Paul's eyes went to the handle of the cafeteria door then back to hers. If it could be locked, they would have reached this point weeks ago. But it didn't. He heard a hand on the door. As he turned away towards the fridge, a stout woman by the name of Nancy, someone he had seen before, but didn't know well, came in with a plate and coffee cup. She seemed to ignore Melissa and headed for the sink. Melissa grabbed her untouched coffee cup and left before Paul turned, an apple in his hand.
"Awful thing about Frank over at 213," said Nancy, turning to him, "wasn't it?" Talk about Frank Scammel had replaced talk about weather between Central Intelligence worker bees who only passed each other in a hall or found themselves pressed together in a crowded elevator at five o'clock.
"I played ball with Frank a few years ago. Seemed like a nice guy. Kind of a loner though" He stood there leaning against the fridge, waiting for Nancy to reply or leave. He could still smell Melissa's musky odor on his hands. Frank was one of those men Paul could never figure out, could never dig out a nugget of anything they held in common. He had started a few conversations that always ended in grunts and Frank seemed to lack a sense of humor. He heard he was a dedicated employee. Probably had no life outside of his job.
"It's too bad," added Paul, turning for the door. "Well, back to the salt mines." After a short walk down a hallway that ended in one direction at STORES, Paul entered the busy office area of Langley's second floor, a maze of cubicles that made up the bulk of the DATA COMM department — 200 people who routinely entered data into computers, massaged numbers and recorded conversations, attempted to give context to an onslaught of intelligence data coming in from hundreds of sources. Paul's area of expertise was ‘Transatlantic Access’.

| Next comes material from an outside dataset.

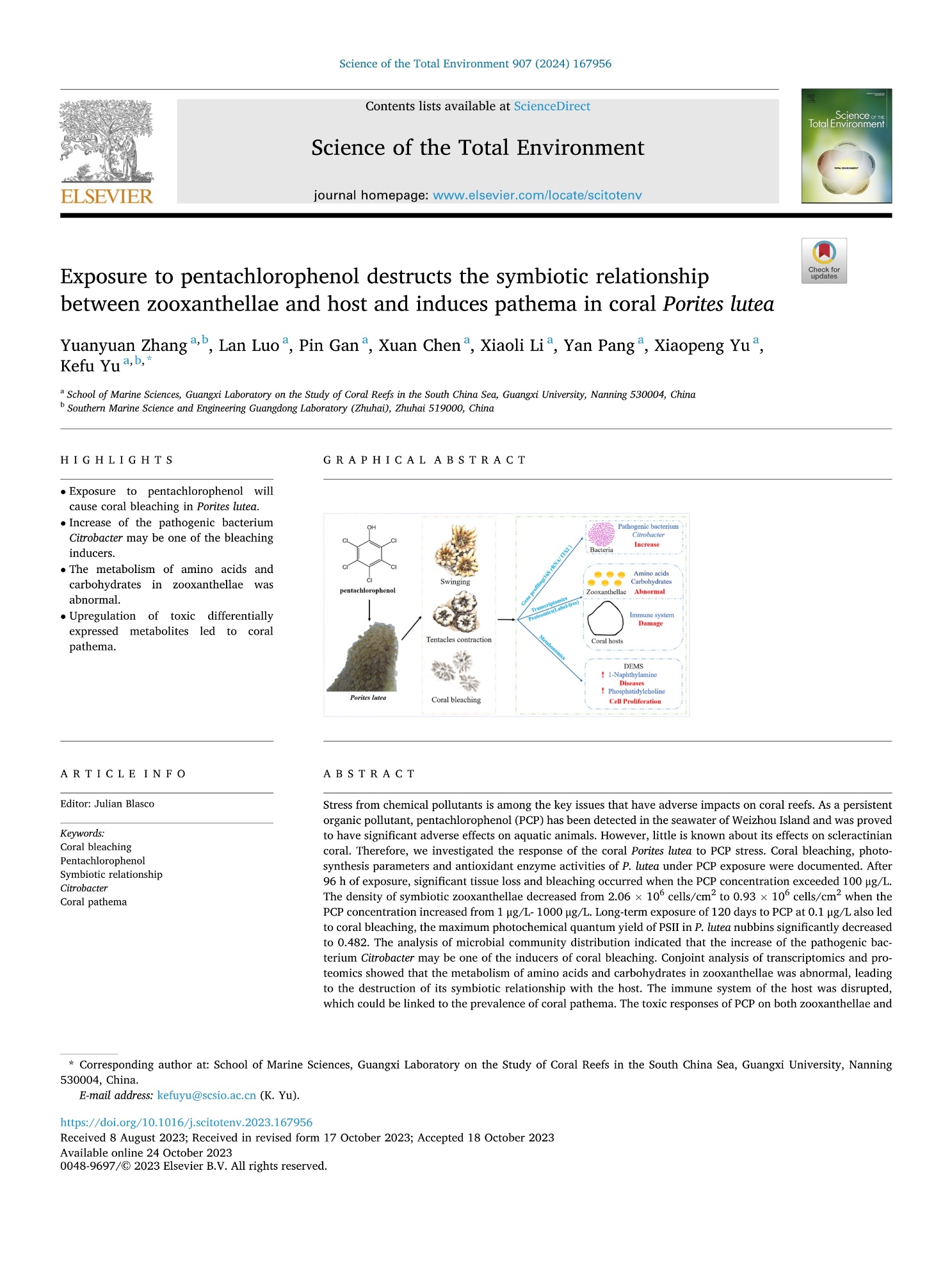 Zhang Yuanyuan, Luo Lan, Gan Pin, Chen Xuan, Li Xiaoli, Pang Yan, Yu Xiaopeng, Yu Kefu. Exposure to pentachlorophenol destructs the symbiotic relationship between zooxanthellae and host and induces pathema in coral Porites lutea. Science of

Paul headed a group that received a daily file of overseas phone calls with information about sender and receiver. A large computer on the fourth floor used a piece of in-house software that listened in on thousands of phone calls, looking for key words. When it detected one, the sender number, receiver number, and the keyword were recorded. Keywords were many, but one of the most common was 'bomb' or 'execute'. TRANS ACCESS then ran the numbers against known sources such as the United News Syndicate or CNN. If the number was new, it went to an investigation list. It was Paul's job to take this tangle of phone connections and create a weekly report to the Intelligence Directorate. Lately, his reports had been briefer than usual. Was he getting bored with his job or having a tough time getting Melissa out of his thoughts?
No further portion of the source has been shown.